The rest of CSRI boils down to a murkier set of mechanisms for senders to prove they are not spammers by using one of two methods. (The CSRI framework is at www.microsoft.com/mscorp/twc/privacy/spam.mspx.)
Large-volume senders will have to show they conform to rules and guidelines such as those contained in the federal CAN-SPAM legislation that became effective Jan. 1.
Senders can also buy their way into Bonded Sender, an IronPort program that is administered by TRUSTe. In an interview with eWEEK Labs, Tom Gillis, senior vice president of marketing at IronPort, explained IronPorts Bonded Sender program, in which users post a bond that is debited $10 every time a recipient complains of receiving spam. To date, no money has been paid out from Bonded Sender, Gillis said.
Individuals and small companies that cant afford to join programs like Bonded Sender could face Microsofts CSRI in the form of the Black Penny program. Black Penny is an anti-spam proposal that would require e-mail programs to process a difficult computational puzzle before e-mail could be sent. In effect, this would force the sender to burn CPU cycles that add cost to e-mail message generation.

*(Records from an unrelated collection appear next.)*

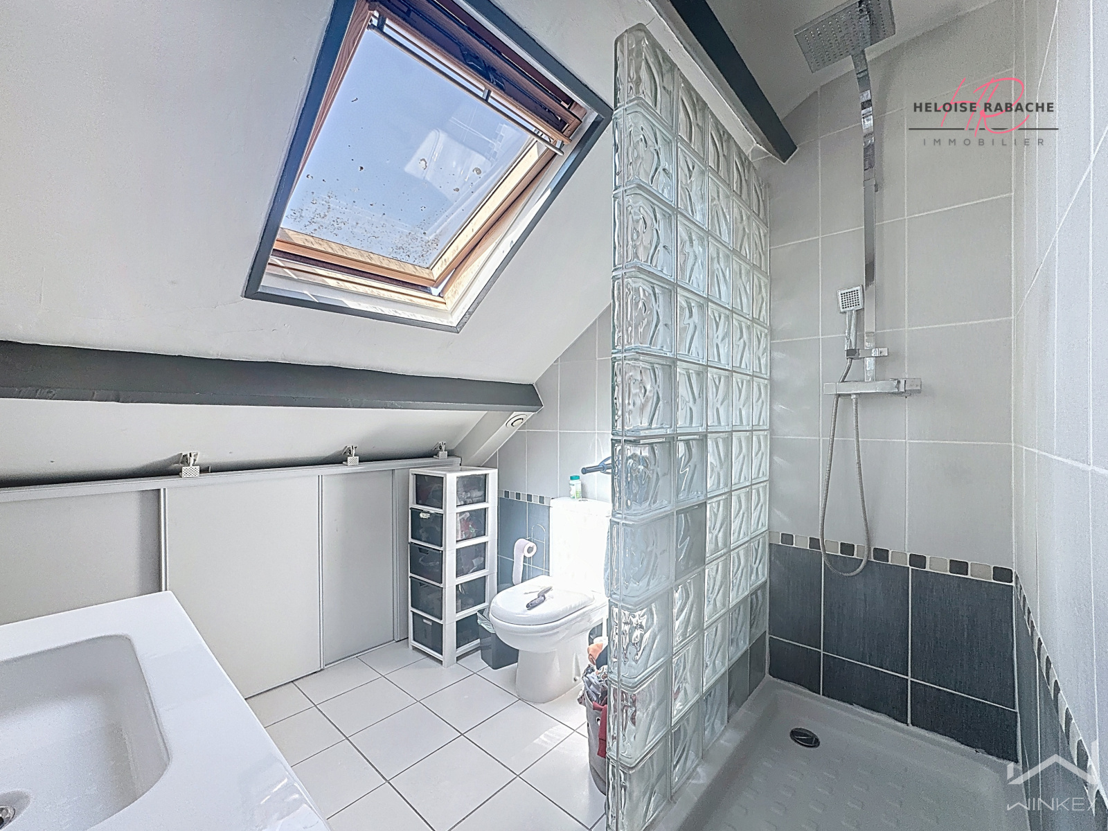 Deuxième étage : un palier pouvant servir d'espace télétravail, deux chambres, salle de douches avec wc.
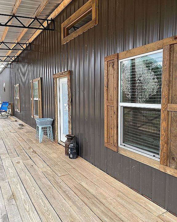 This home is located on 6 acres and was built in 2020! You'll love the spacious lot and the fully stocked pond with a built in pier! The house has a large wrap around porch and a big back patio. The property also has a shop, a well, a storm shelter and a large garden. This home offers an attached 3 car garage with 3 established driveways, and it has two 50 gallon water heaters & city water. Inside, you'll fall in love with the beautiful wood finishes throughout the home, and the stunning granite countertops! This home is wheelchair accessible, and the high ceilings make it feel open and spacious. The main bathroom offers a Bluetooth speaker and 3 showerheads in the shower, & there are barn doors throughout the home to complete the barn aesthetic!
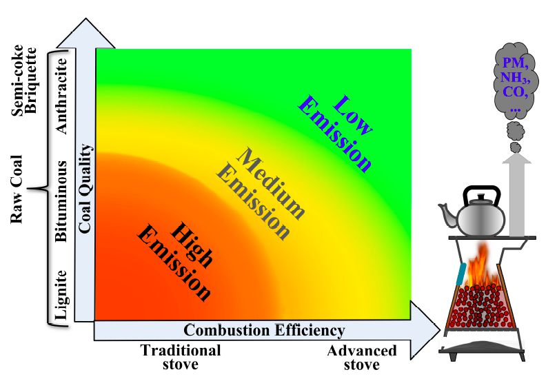 提高民用燃煤质量和燃烧效率而降低一次细颗粒物和二次细颗粒物前体物的排放

These anti-spam proposals will go before the IETF and other standards bodies for ratification—but probably not until the specifications have become de facto industry norms. Now is the time for IT managers to get involved in the process.
It is likely that the technology choices made in the next year will set the direction of anti-spam efforts until (and if) SMTP can be completely ripped out and replaced with a reliable mail transport system.